(WORK ORDER) Below this line are records; transcribe exactly the lines between the one holding "Wilmington, DE -- Celebrate" and the one holding "- Круглая разделенная", inclusive, and omit the pictures.

*** EXTRACTED MATERIAL ***

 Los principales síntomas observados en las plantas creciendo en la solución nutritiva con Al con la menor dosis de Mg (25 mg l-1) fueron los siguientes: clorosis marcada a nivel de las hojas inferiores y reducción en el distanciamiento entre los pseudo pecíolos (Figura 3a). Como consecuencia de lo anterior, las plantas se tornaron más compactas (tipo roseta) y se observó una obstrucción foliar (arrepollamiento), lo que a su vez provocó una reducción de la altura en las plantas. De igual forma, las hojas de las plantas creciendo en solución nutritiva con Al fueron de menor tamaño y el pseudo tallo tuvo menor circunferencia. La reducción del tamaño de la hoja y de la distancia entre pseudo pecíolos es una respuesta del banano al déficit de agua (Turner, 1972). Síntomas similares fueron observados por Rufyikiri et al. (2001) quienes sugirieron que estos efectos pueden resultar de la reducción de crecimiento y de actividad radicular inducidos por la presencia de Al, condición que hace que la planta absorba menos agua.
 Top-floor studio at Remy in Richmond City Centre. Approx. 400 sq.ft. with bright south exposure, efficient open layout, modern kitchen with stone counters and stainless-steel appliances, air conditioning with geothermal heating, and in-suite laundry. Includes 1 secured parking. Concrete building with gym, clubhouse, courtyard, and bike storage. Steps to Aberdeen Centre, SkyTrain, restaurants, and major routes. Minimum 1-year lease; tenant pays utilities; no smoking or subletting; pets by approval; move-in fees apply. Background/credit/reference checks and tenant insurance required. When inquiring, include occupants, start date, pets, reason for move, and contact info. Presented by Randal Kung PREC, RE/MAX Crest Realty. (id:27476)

***
*** EXTRACTED MATERIAL ***

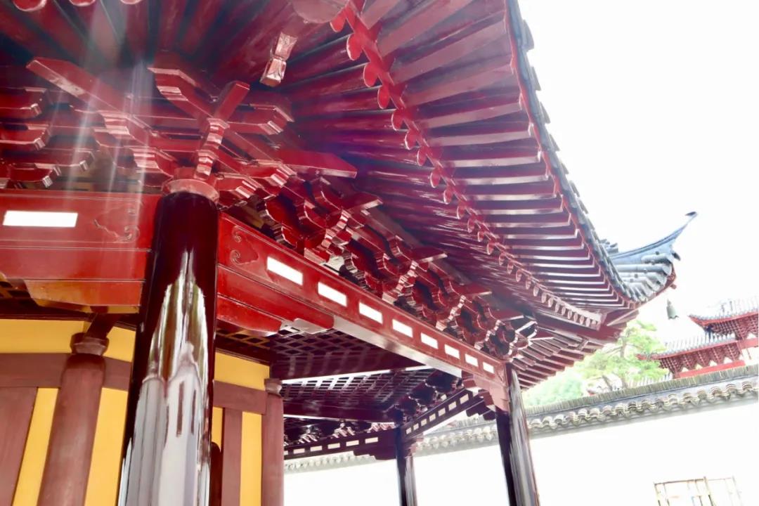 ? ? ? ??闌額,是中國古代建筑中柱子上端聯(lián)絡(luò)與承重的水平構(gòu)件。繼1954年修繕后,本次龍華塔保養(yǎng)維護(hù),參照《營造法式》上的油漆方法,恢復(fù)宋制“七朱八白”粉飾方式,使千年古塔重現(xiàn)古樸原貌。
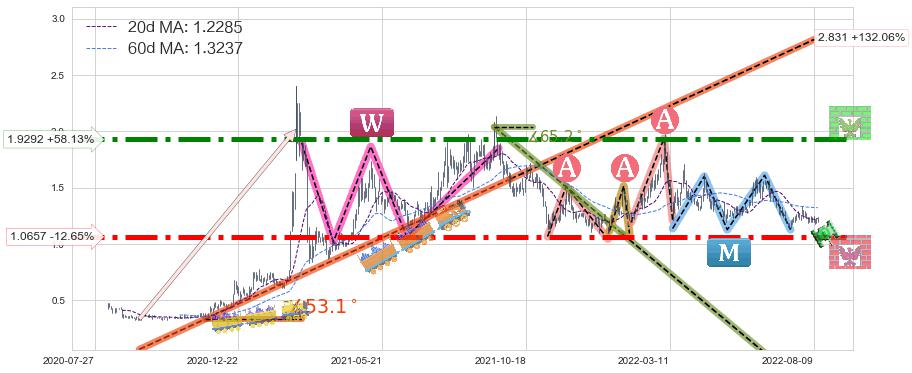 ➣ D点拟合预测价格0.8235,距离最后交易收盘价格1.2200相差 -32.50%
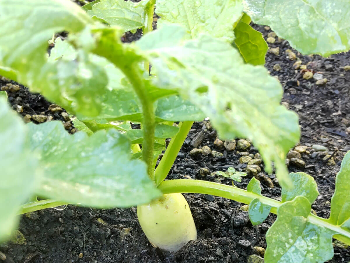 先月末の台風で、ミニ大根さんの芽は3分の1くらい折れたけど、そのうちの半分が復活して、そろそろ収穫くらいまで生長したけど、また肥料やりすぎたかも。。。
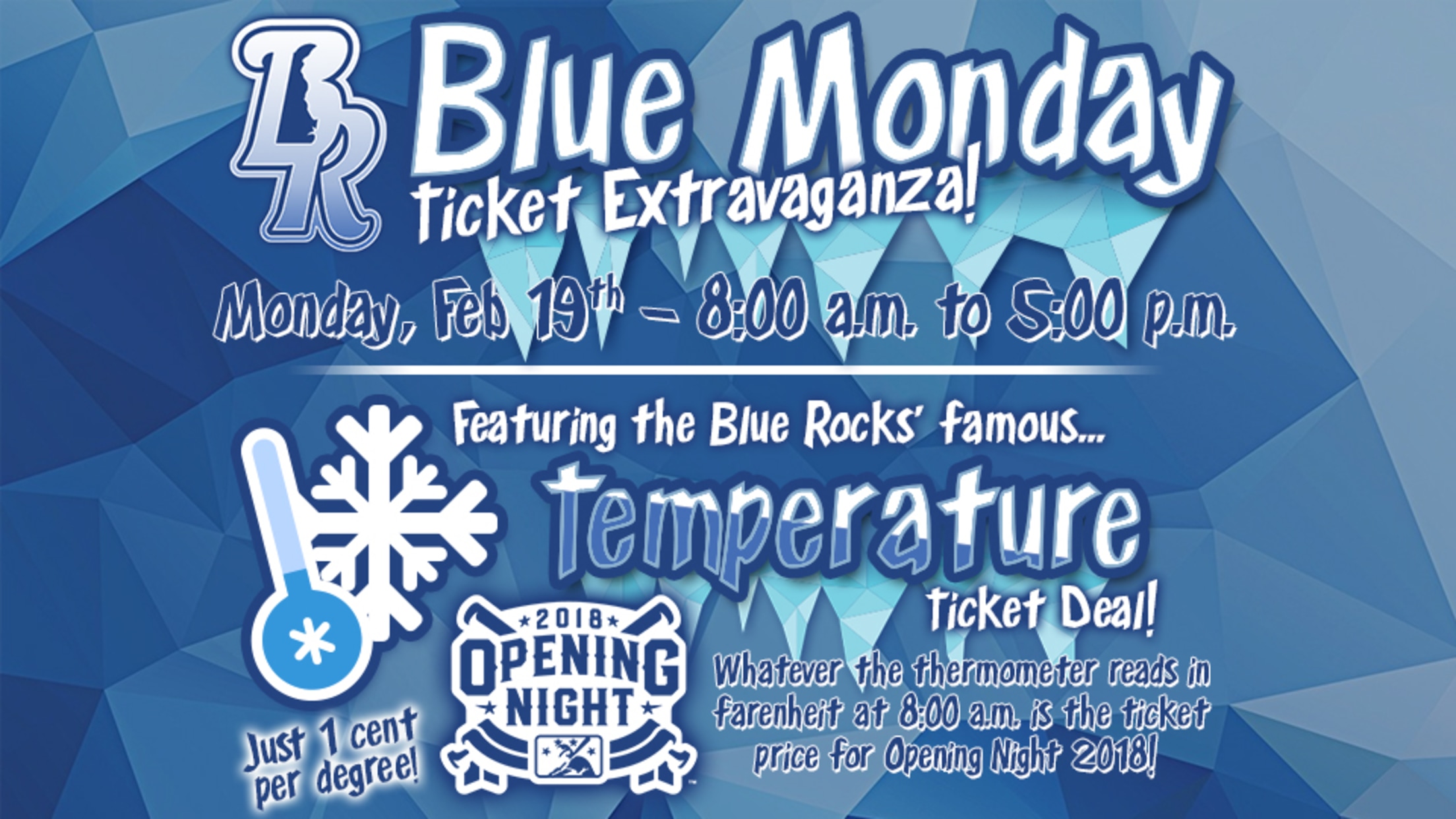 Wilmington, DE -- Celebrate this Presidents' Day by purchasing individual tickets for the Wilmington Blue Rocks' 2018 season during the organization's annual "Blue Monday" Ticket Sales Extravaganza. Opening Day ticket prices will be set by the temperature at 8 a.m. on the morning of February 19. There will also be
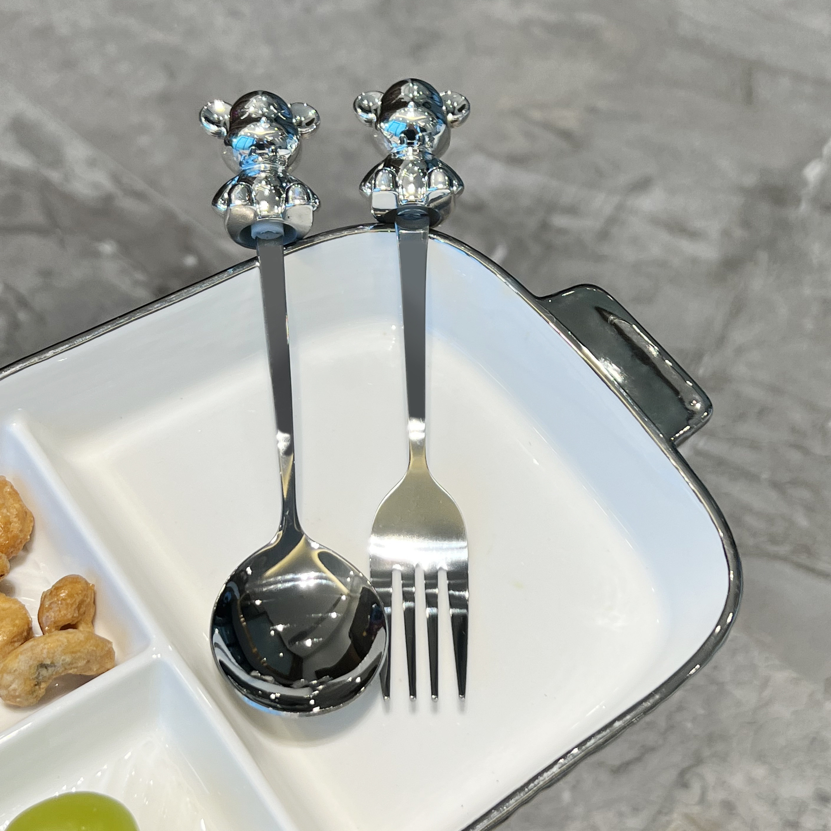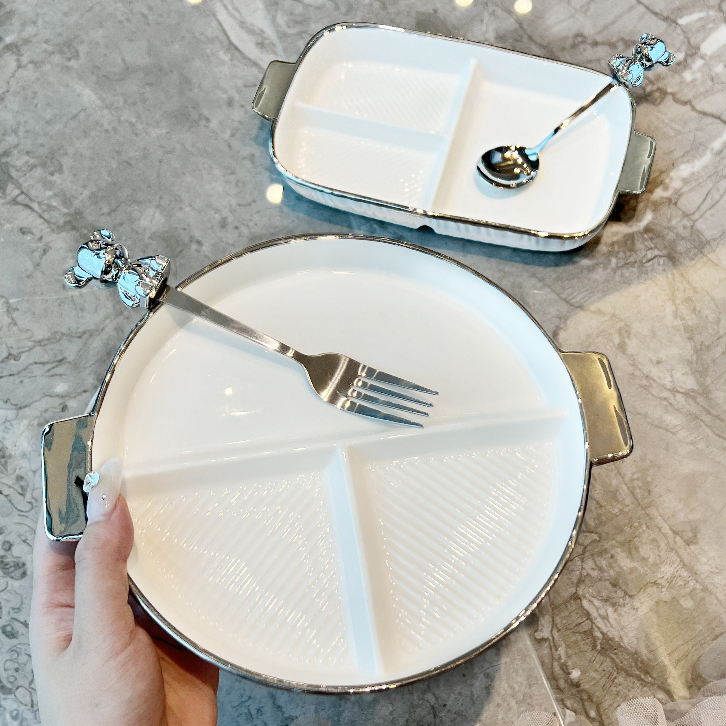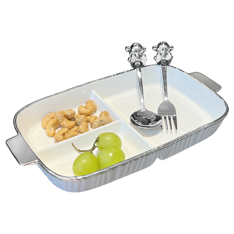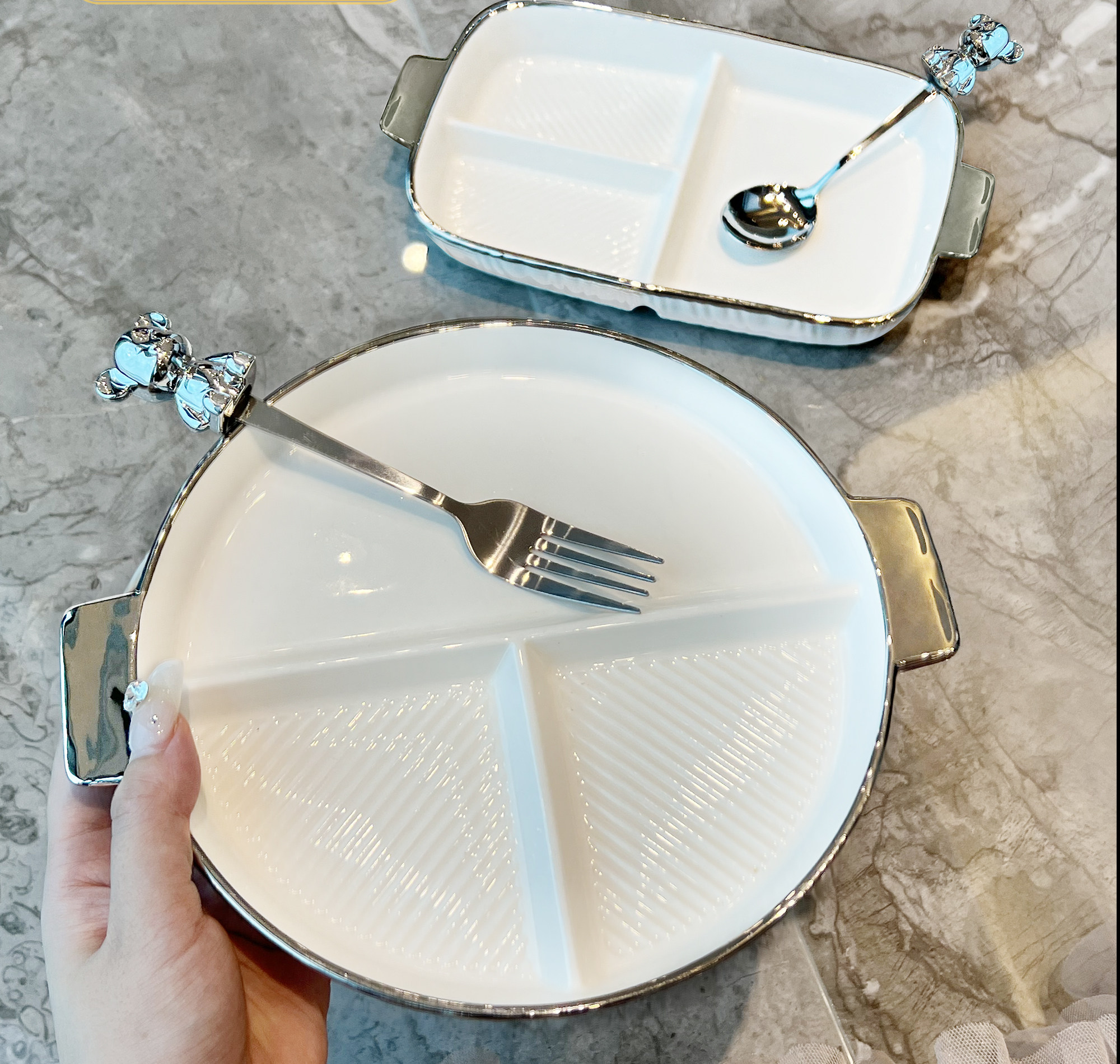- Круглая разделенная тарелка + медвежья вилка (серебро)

***
*** EXTRACTED MATERIAL ***

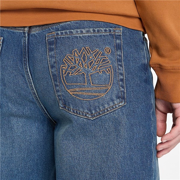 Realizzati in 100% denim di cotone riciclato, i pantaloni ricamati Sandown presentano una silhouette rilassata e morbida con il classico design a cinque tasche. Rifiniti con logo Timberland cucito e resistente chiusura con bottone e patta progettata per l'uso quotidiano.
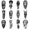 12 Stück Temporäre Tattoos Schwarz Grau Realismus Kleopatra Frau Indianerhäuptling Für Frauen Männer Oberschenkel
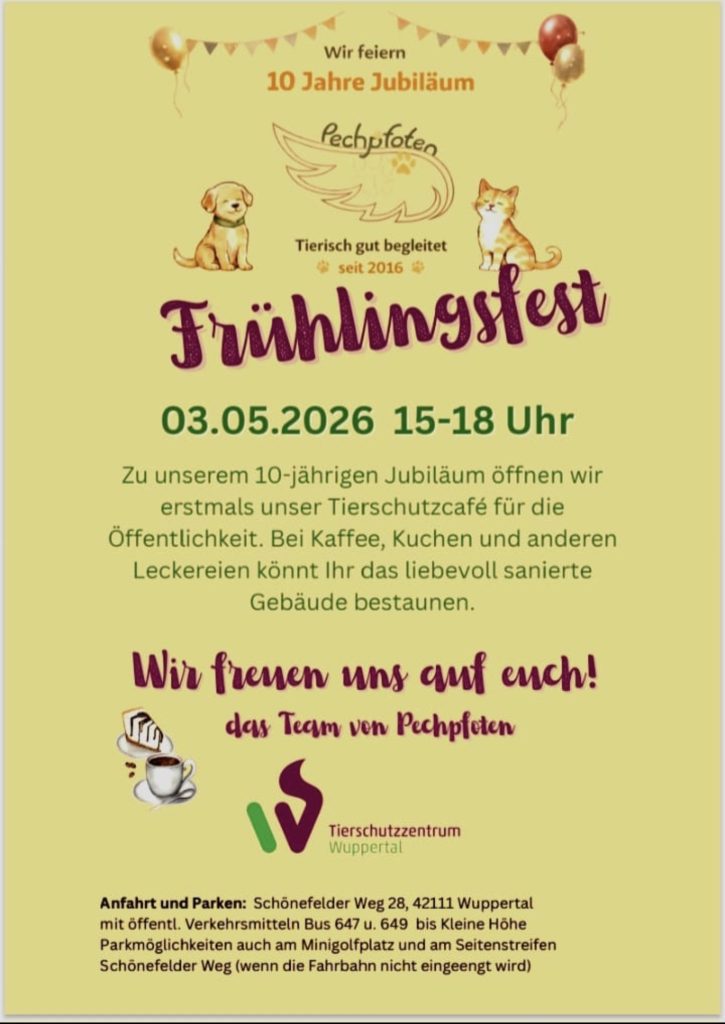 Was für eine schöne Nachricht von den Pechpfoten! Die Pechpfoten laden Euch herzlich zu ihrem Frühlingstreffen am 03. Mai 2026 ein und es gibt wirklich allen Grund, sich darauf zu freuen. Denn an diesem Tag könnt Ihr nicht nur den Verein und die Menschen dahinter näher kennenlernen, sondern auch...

***

(TASK ANSWER)
 Wilmington, DE -- Celebrate this Presidents' Day by purchasing individual tickets for the Wilmington Blue Rocks' 2018 season during the organization's annual "Blue Monday" Ticket Sales Extravaganza. Opening Day ticket prices will be set by the temperature at 8 a.m. on the morning of February 19. There will also be
- Круглая разделенная тарелка + медвежья вилка (серебро)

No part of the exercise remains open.